Coindesk: Activate in the real world of blockchain has been discussed for years with limited practical implementation. What is your perspective on RWAs, and how do they fit into polygon’s overall approach to the market?
Boirir: One of Polygon’s core forces has always been our relationship with financial institutions, which is crucial to both the real world (RWA) and payments.
When it comes to payments, Polygon POS hosts almost 50 stableecoins. Each major fintech player operating on other chains is also on polygon, although many polygon-based companies operate exclusively on our platform.
For example, Lemon Cash in Argentina works exclusively on our platform. Other major payment companies such as stripe processes most of their volume through Polygon POS, while companies like Grab in Singapore use polygon pos with other chains.
We have created 18 tokenized funds on Polygon POS, and our strategy focuses on making these assets really functional. Currently, most tokenized assets remain across chains sleeping after creation and provides a small advantage over their traditional colleagues.
Our focus is to integrate these assets into DEFI, starting with enabling them as security in loan basins for borrowing.

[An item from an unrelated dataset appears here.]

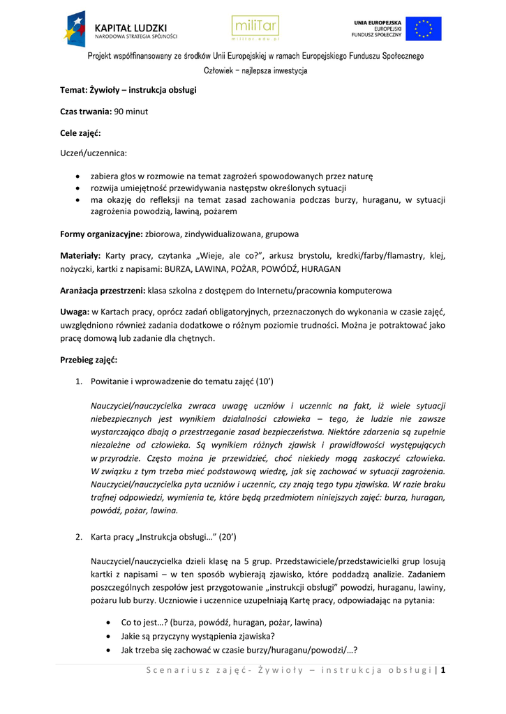 Temat: Żywioły – instrukcja obsługi Czas trwania: 90 minut Cele zajęć: Uczeń/uczennica: zabiera głos w rozmowie na temat zagrożeń spowodowanych przez naturę rozwija umiejętność przewidywania następstw określonych sytuacji ma okazję do refleksji na temat zasad zachowania podczas burzy, huraganu, w sytuacji zagrożenia powodzią, lawiną, pożarem Formy organizacyjne: zbiorowa, zindywidualizowana, grupowa Materiały: Karty pracy, czytanka „Wieje, ale co?”, arkusz brystolu, kredki/farby/flamastry, klej, nożyczki, kartki z napisami: BURZA, LAWINA, POŻAR, POWÓDŹ, HURAGAN Aranżacja przestrzeni: klasa szkolna z dostępem do Internetu/pracownia komputerowa Uwaga: w Kartach pracy, oprócz zadań obligatoryjnych, przeznaczonych do wykonania w czasie zajęć, uwzględniono również zadania dodatkowe o różnym poziomie trudności. Można je potraktować jako pracę domową lub zadanie dla chętnych. Przebieg zajęć: 1. Powitanie i wprowadzenie do tematu zajęć (10’) Nauczyciel/nauczycielka zwraca uwagę uczniów i uczennic na fakt, iż wiele sytuacji niebezpiecznych jest wynikiem działalności człowieka – tego, że ludzie nie zawsze wystarczająco dbają o przestrzeganie zasad bezpieczeństwa. Niektóre zdarzenia są zupełnie niezależne od człowieka. Są wynikiem różnych zjawisk i prawidłowości występujących w przyrodzie. Często można je przewidzieć, choć niekiedy mogą zaskoczyć człowieka. W związku z tym trzeba mieć podstawową wiedzę, jak się zachować w sytuacji zagrożenia. Nauczyciel/nauczycielka pyta uczniów i uczennic, czy znają tego typu zjawiska. W razie braku trafnej odpowiedzi, wymienia te, które będą przedmiotem niniejszych zajęć: burza, huragan, powódź, pożar, lawina. 2. Karta pracy „Instrukcja obsługi…” (20’) Nauczyciel/nauczycielka dzieli klasę na 5 grup. Przedstawiciele/przedstawicielki grup losują kartki z napisami – w ten sposób wybierają zjawisko, które poddadzą analizie. Zadaniem poszczególnych zespołów jest przygotowanie „instrukcji obsługi” powodzi, huraganu, lawiny, pożaru lub burzy. Uczniowie i uczennice uzupełniają Kartę pracy, odpowiadając na pytania: Co to jest…? (burza, powódź, huragan, pożar, lawina) Jakie są przyczyny wystąpienia zjawiska? Jak trzeba się zachować w czasie burzy/huraganu/powodzi/…? Scenariusz zajęć- Żywioły – instrukcja obsługi|1 Jakich zachowań należy unikać? Jakie służby należy powiadomić? Uczniowie i uczennice prezentują wypełnione arkusze na forum Nauczyciel/nauczycielka uzupełnia, ewentualnie koryguje prace uczniów i uczennic. klasy. 3. Jestem… burzą, ogniem, huraganem – zabawa ruchowa (10’) Osoby chętne gestem, postawą ciała, dźwiękiem naśladują wybrane przez siebie zjawiska, pozostała część grupy rozpoznaje i naśladuje/prezentuje alternatywne rozwiązania. Powtarzamy kilkukrotnie. Alternatywa: improwizacja przy muzyce – prezentujemy odgłosy burzy, padającego deszczu, ogniska, itp. Uczniowie i uczennice gestem ilustrują usłyszane dźwięki. 4. Skutki groźnych zjawisk (15’) Uczniowie i uczennice w grupach, wykorzystując technikę „Napisz i narysuj”, na rysunku przedstawiają skutki scharakteryzowanych przez siebie zjawisk. Po skończonej pracy, wspólnie z nauczycielem/nauczycielką omawiają powstałe plakaty. Jeżeli przestrzeń klasy na to pozwala, można je wywiesić na ścianie, korytarzu, itp. 5. „Wieje, ale co?” – praca z czytanką i Kartą pracy (20’) Nauczyciel/nauczycielka rozdaje uczniom Karty pracy, a następnie odczytuje czytankę „Wieje, ale co?” Uczniowie i uczennice szukają stosownych informacji w Internecie i uzupełniają Kartę pracy. Chętni odczytują uzupełnione teksty. Nauczyciel/nauczycielka sprawdza poprawność odpowiedzi udzielonych przez poszczególnych uczniów i uczennice, w razie potrzeby koryguje. 6. Żywioły w języku (10’) Nauczyciel/nauczycielka wyjaśnia uczniom i uczennicom, że omawiane zjawiska, za sprawą siły ich oddziaływania trafiły do języka potocznego na określenie różnych intensywnych stanów czy sytuacji. Stały się elementami często używanych związków frazeologicznych (w razie potrzeby nauczyciel/nauczycielka definiuje pojęcie). Celem ćwiczenia jest wyjaśnienie, co oznaczają następujące związki wyrazowe: Oko cyklonu Pożar serc Burza w szklance wody Lawina/huragan uczuć Wiatr historii 7. Podsumowanie zajęć (5’) Scenariusz zajęć- Żywioły – instrukcja obsługi|2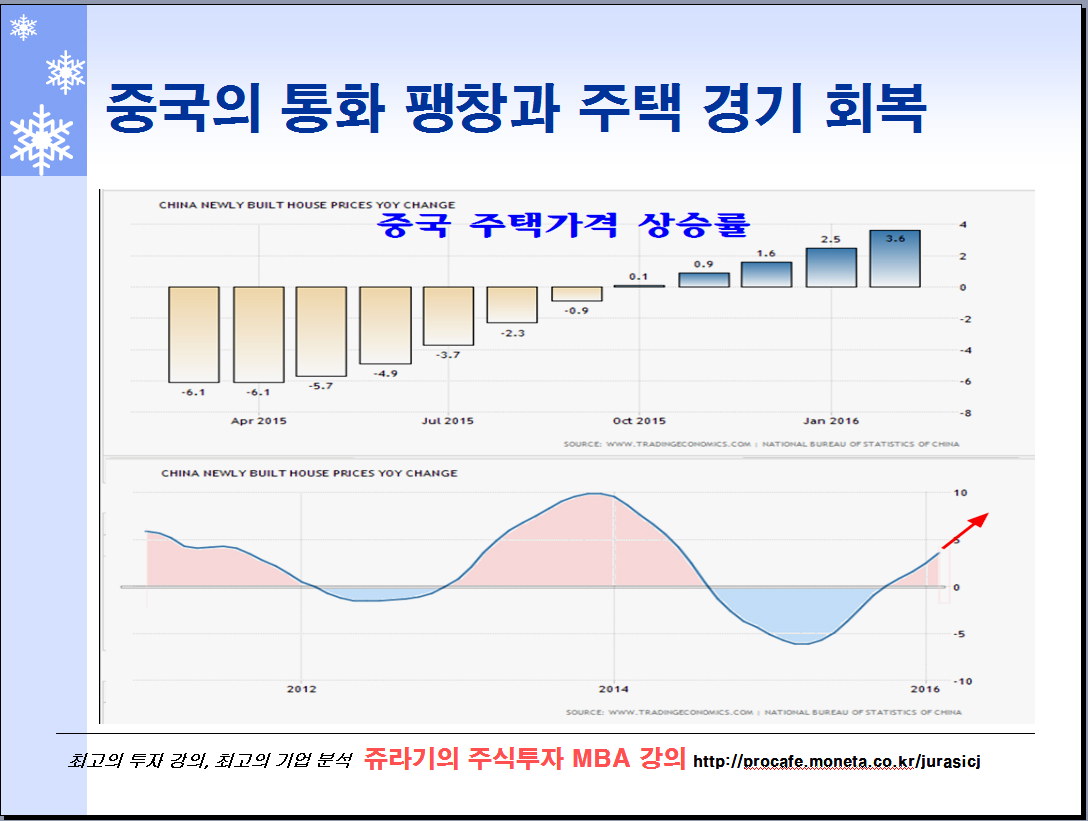 주택시장 위축에 따른 경기 위축을 경험한 중국은 적극적으로 금리와 지급중비율은 낮추고 시중에 통화 공급을 늘려 경기 부양을 위한 통화정책을 계속해 온 결과 점차 주태 가격 상승과 건설 경기 회복 반전 및 제조업 경기 회복이 시작되고 있다.

Coindesk: How does polygon react to recent market volatility and regulatory developments?
Boirir: From our perspective, we just continue to build what the environment is. We know what we want to build and we just continue to build away by it.
The market reactions obviously affect the adoption. Ultimately, the economy ends up affecting the adoption of everything in the world and it is no different for crypto. All we can do is continue to build away and when the market turns, it is very well positioned with amazing products that users want to use.
Coindesk: Several new blockchains have been launched with claims of superior performance metration. How does Polygon place its original POS chain in this increasingly competitive landscape?
Boirir: I think polygon pos is already very well positioned for it. There is a reason why we see payments adopted on POS-It is because it is actually already fast and cheap.
The thing with everything we build, including Polygon POS, is that we continue to customize it. One of the things that is exciting is that we get to see innovations across the room. People get to see how polygon pos is innovated and adopt some of these things. We look at what others are doing and adopt some of their ideas as well as continue to research and bring new ideas themselves.
So I think what you end up looking at POS is a chain that is as fast or faster than all the new chains we are talking about here. The lovely thing is that there are many years of very good security and still maintain the low costs currently available on-chain.